You can find a good introductory article about the Golf Country in wikipedia. There were a flood of vehicles, which were described as the forerunners to today's SUVs. The Golf Country didn't actually belong to them. Since any number of vehicles that were there before it was, e.g., the Jeep Wagoneer, offered not only all-wheel drive but at the same time, much more space inside. This was not the case with the Golf Country. In fact the luggage space had been reduced by about one third, even though the spare wheel was mounted outside. The only comparable feature, that was shared with some of today's SUVs, were the rather poor off-road qualities.

The Golf Country was also not the first all-wheel drive among the modern-day VWs, it was not even the first with a transverse engine. It was based on the Synchro, which, quite different from the Quattro drive-trains, transferred it's torque to the rear via a visco-clutch. That sounds easier than it is, because only when built in, did this have the fatal effect of disturbing the ABS.

This was by the way, a sort of preparatory measure, because the first Golf Synchro didn't have ABS at all yet. So, there was a freewheel and even that wasn't enough. After all, if such a vehicle was to drive into a snow-drift forwards, it couldn't reverse out again using together only two driven wheels. Thus, with the reverse gear, a selectable electro-pneumatic lockout was also necessary.

Have a look under the car and from the rear. You can see some parts of the semi-trailing arm rear axle, which was taken over from the Passat Synchro. The fuel tank, which you can't see from here, still held 55 litres, although it had to relinquish its normal position. Of course, through the visco-clutch, this all-wheel drive had an inter-axle differential lock. Only the transverse locking front and rear were missing. If only one wheel landed e.g., on gravel, the progress was not endangered, with two wheels on different axles and on loose ground, well, then the car may have got stuck.
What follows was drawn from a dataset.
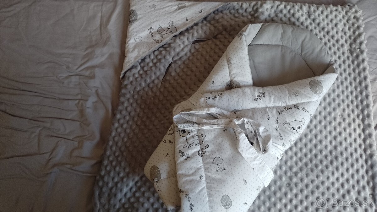 Predam zanovny set zavinovacky a deky s peknym zvieracim motivom. Zavinovacka ma vyberatelnu kokosovu vlozku, takze babatko pri lezani ma rovny chrbatik. Deka je vhodna do vajicka.

The newly added frame did help the stability of the Golf II, which was known for being somewhat unstable, although it didn't do much for the ground clearance. Since almost as much as the body was raised, the complete drive-train had to be lowered, which led to a somewhat larger emptiness in the engine compartment. Thus 18 centimetres higher only gave about 6 centimetres more of ground clearance, which brings us back to a parallel with SUVs: One sits higher up.